Expressing Needs

When we express needs, we are communicating in an instrumental way to help us get things done. Since we almost always know our needs more than others do, it’s important for us to be able to convey those needs to others. Expressing needs can help us get a project done at work or help us navigate the changes of a long-term romantic partnership. Not expressing needs can lead to feelings of abandonment, frustration, or resentment. For example, if one romantic partner expresses the following thought “I think we’re moving too quickly in our relationship” but doesn’t also express a need, the other person in the relationship doesn’t have a guide for what to do in response to the expressed thought. Stating, “I need to spend some time with my hometown friends this weekend. Would you mind if I went home by myself?” would likely make the expression more effective. Be cautious of letting evaluations or judgments sneak into your expressions of need. Saying “I need you to stop suffocating me!” really expresses a thought-feeling mixture more than a need.

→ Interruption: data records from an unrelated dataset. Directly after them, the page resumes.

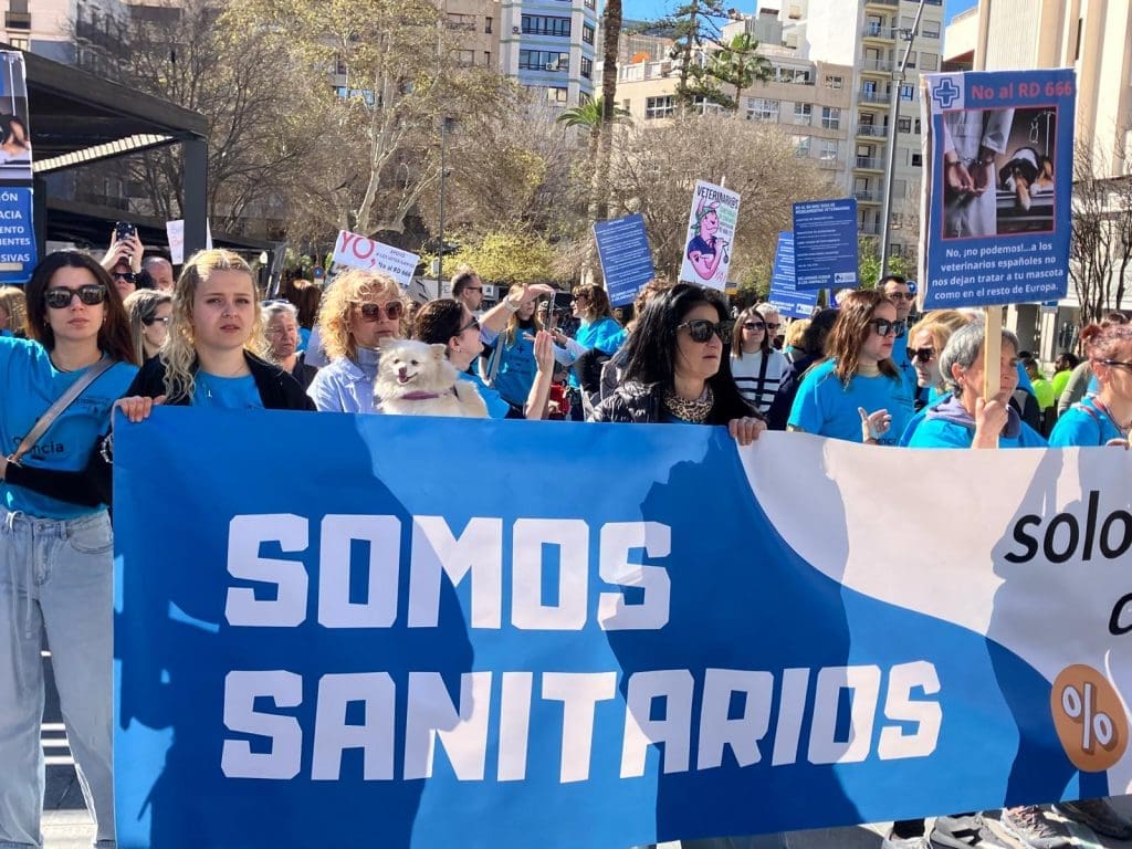 Alrededor de 200 profesionales veterinarios se han concentrado este miércoles en la plaza de la Montañeta para protestar por la regulación del Real Decreto 666/2023. Es una nueva jornada de movilización en todas las provincias españolas que se ha acompañado de cierre parciales entre las 10 y las 12 horas.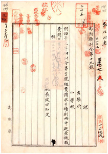 澎湖廳訓令第十九號〔明治三十三年十月訓令第二十號〕經費請求手續中改正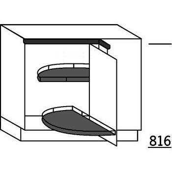 Hoekonderkast, blind gedeelte links of rechts, 1 deur, 2 halfronde draaibodems met gesloten metalen reling. Hoog: 84,5 cm (excl. plint). Korpus 100 cm breed. Hoekpasstuk 90º wordt los meegeleverd.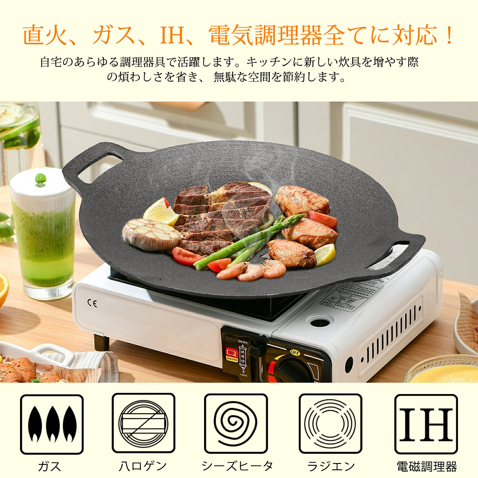 商品詳細 商品説明 熱伝導性に優れた鉄製で、均一な加熱で食材に焼き目を美しく付け、香りと旨みを最大限引き出します。家庭のガス火、IHはもちろん、屋外 BBQ のグリルでも活用可能です。 サイズ 本体サイズ:直径(約)28cm×高さ(約)1.5cm cm 重さ(約):2.02kg 素材 材質:鋳鉄 特徴 🥘【28cm ドーム型 鋳鉄製グリルパン】優れた熱伝導性を備え、全体に均一に熱が伝わる、焦げにくい構造が特長です。食材の食感をしっかりと守りつつ、省エネで手軽に調理を楽しめます。適度なドーム形状を採用しているので、マルチグリドルとの間に広い調理スペースが確保され、使い勝手がよくなります。 🥘【無塗装】無塗装設計により素材の鉄本来の性能を活かし高温での調理でも塗料の溶出を心配する必要がなく安心して使用でき、無塗装の安全性を兼ね備えた長く愛用できる実用的なマルチグリドルです! 🥘【ガス火、IH対応】ガスコンロはもちろん、IH 調理器や電気コンロなど、直火すべて熱源に対応しており、キッチンの設備に関係なく使いやすいです。炒め物から煮込み料理まで、場所を選ばず幅広い調理シーンで活躍します。揚げる、茹でる、蒸す、煮るなど、さまざまな調理方法で活用できます! 🥘【手間とコストを節約でき!】オイルブラシとスコップが付属!セットで使えるので便利で、別途購入する必要がなく、経済的です。 🥘【商品仕様】素材:鉄製;対応デバイス:IH、ガス火、直火すべて対応;重さ:(約)2.02kg;セット内容:マルチグリドル本体×1、オイルブラシ×1、スコップ×1;本体サイズ:直径(約)28cm×高さ(約)1.5cm 原産国中国注意事項※電子レンジは使用不可 ※食器洗い機・乾燥機非対応※商品パッケージは予告なく変更する場合がございます。ご了承ください。 使用上のご説明 ヒント 1.鋳鉄のグリドルは、錆を防ぐために、通常の使用後に洗浄し、水分を拭き取る必要があります。 2.グリドルを持つ際は、厚手のオーブン用手袋をご使用ください。 3.食品を調理する際は、火傷を避けるため、お子様が触れないようご注意ください。 錆びた後の処理方法: 1.表面の錆を除去し、洗浄するために鋼線ボールを使用する 2.グリドルの表面に食品油を塗布する 3.食品油を吸収するために鍋を焼く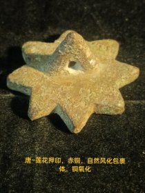 唐~莲花押印,赤铜,自然氧化包裹体,铜氧化锈斑可见,带穿系孔。私藏品。保存品相完好。文玩雅集,门系不用介绍,懂的自然懂。(本店分类:古物原*青铜印押)〈归印章〉。运费买方自理。

Table 3.1 Four Types of Verbal Expressions

Type Description Example
Observation Report of sensory experiences or memories “Pauline asked me to bring this file to you.”
Thought Conclusion about or judgment of experiences and observations “Students today have much less respect for authority.”
Feeling Communicating emotions “I feel at peace when we’re together.”
Need Stating wants or requesting help or support “I’m saving money for summer vacation. Is it OK if we skip our regular night out this week?”